[EXTRACTED DATA Boundary: Start]

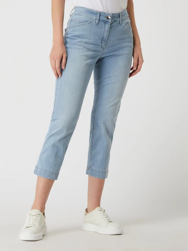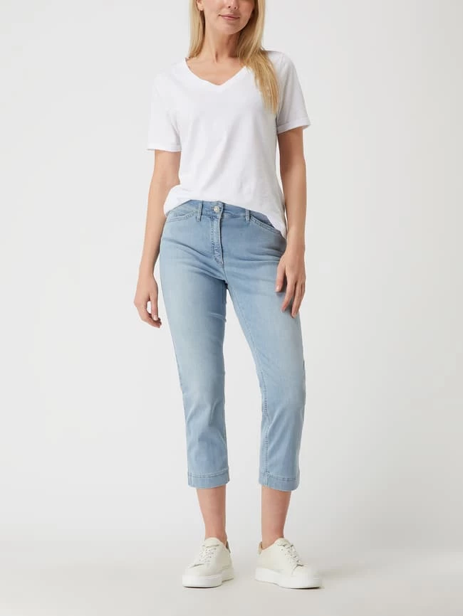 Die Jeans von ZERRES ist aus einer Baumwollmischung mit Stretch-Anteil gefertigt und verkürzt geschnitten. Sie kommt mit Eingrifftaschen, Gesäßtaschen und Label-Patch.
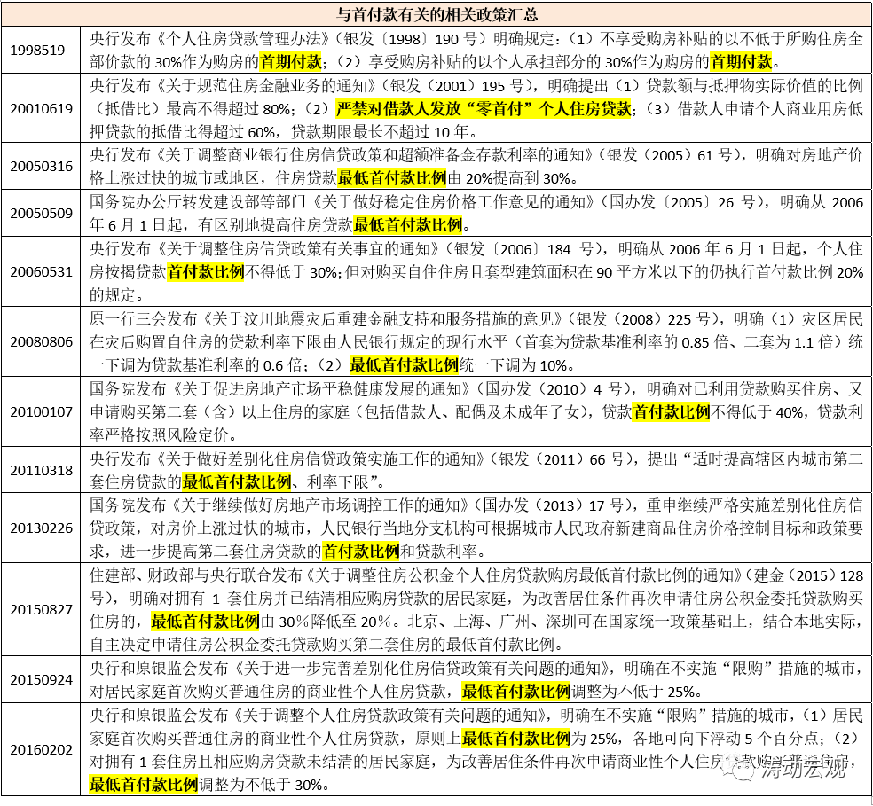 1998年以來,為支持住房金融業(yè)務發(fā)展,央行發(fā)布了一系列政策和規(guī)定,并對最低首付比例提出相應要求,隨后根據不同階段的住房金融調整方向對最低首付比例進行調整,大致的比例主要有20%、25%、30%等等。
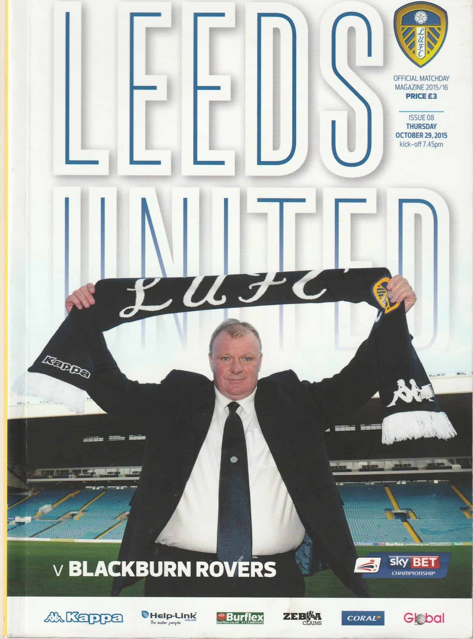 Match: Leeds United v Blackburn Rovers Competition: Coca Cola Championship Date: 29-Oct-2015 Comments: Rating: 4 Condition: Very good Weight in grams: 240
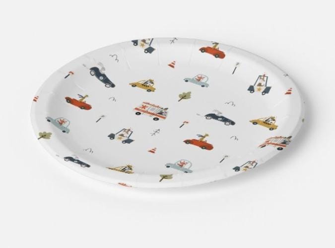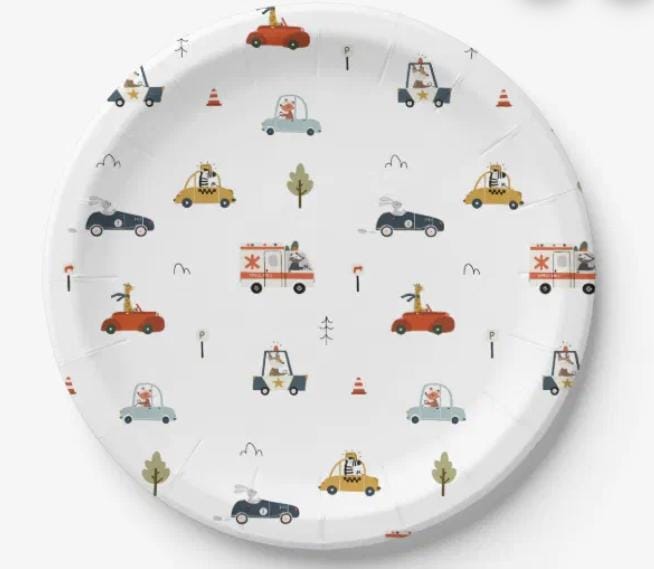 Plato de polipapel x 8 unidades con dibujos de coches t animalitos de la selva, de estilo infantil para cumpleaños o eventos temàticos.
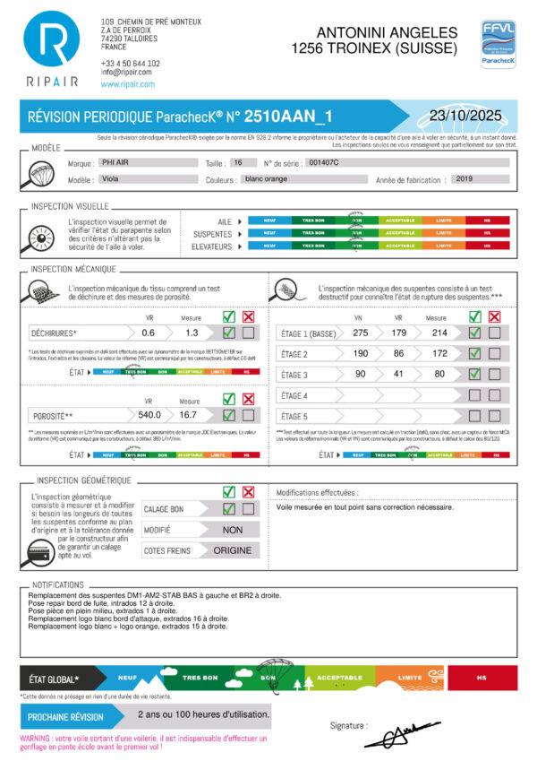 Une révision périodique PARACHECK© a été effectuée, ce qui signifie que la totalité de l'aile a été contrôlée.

[EXTRACTED DATA Boundary: End]
[EXTRACTED DATA Boundary: Start]

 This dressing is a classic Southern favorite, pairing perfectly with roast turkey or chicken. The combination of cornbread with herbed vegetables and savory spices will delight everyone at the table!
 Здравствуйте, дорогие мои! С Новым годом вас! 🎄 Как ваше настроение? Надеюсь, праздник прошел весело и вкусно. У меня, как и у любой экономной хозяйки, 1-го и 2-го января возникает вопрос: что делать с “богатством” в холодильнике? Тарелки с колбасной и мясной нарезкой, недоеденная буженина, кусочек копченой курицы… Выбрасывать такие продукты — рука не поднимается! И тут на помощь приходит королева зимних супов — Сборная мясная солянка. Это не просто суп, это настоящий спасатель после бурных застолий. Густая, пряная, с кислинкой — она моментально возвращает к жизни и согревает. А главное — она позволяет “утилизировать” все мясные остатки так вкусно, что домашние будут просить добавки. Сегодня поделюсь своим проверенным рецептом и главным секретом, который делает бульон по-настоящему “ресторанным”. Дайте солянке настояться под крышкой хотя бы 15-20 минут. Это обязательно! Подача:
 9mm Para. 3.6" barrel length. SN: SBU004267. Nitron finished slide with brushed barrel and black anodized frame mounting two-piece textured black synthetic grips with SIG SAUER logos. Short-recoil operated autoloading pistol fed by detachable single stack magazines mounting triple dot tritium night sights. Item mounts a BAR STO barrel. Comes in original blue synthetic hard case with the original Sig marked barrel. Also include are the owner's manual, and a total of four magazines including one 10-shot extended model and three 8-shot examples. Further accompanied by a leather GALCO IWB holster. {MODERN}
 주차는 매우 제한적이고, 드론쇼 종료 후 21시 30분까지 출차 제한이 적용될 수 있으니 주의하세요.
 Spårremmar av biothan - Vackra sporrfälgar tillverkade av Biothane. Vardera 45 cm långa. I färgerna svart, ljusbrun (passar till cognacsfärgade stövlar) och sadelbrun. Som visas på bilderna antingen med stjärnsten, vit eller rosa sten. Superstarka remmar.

[EXTRACTED DATA Boundary: End]

_TASK DIRECTIONS_. Copy word for word the span of the records above that begins at the line with "1998年以來,為支持住房金" and ends at the line with "Une révision périodique", including those two lines but not the pictures.

_ANSWER FOR THIS EXERCISE_.
 1998年以來,為支持住房金融業(yè)務發(fā)展,央行發(fā)布了一系列政策和規(guī)定,并對最低首付比例提出相應要求,隨后根據不同階段的住房金融調整方向對最低首付比例進行調整,大致的比例主要有20%、25%、30%等等。
 Match: Leeds United v Blackburn Rovers Competition: Coca Cola Championship Date: 29-Oct-2015 Comments: Rating: 4 Condition: Very good Weight in grams: 240
 Plato de polipapel x 8 unidades con dibujos de coches t animalitos de la selva, de estilo infantil para cumpleaños o eventos temàticos.
 Une révision périodique PARACHECK© a été effectuée, ce qui signifie que la totalité de l'aile a été contrôlée.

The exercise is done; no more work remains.